*** Source material ***
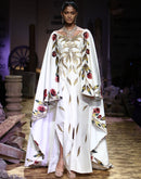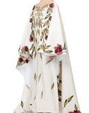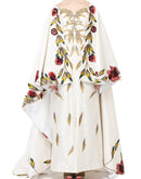Ivory cape style front-opening floor-length Cotton Silk Gown beautified in floral motifs of silk & zari yarn.
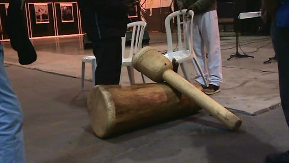 MATRACAS – As matracas são duas madeiras (varas de 60cm) roliço que batidas sobre o tronco do Tambu emitem um som de “marcação do ritmo da dança e da cantoria.
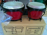 กลองบองโก้ไม้สีแดง อะไหล่โคเมี่ยม ขาเหล็กตันหนาพิเศษ หนังวัวแท้ไม้ได้ฟอง คุณภาพเยี่ยม
*** End of Source material ***
> _Task instructions_:
Repeat all of the listing above word for word, and exclude the pictures.

> _Solution below_:
Ivory cape style front-opening floor-length Cotton Silk Gown beautified in floral motifs of silk & zari yarn.
 MATRACAS – As matracas são duas madeiras (varas de 60cm) roliço que batidas sobre o tronco do Tambu emitem um som de “marcação do ritmo da dança e da cantoria.
 กลองบองโก้ไม้สีแดง อะไหล่โคเมี่ยม ขาเหล็กตันหนาพิเศษ หนังวัวแท้ไม้ได้ฟอง คุณภาพเยี่ยม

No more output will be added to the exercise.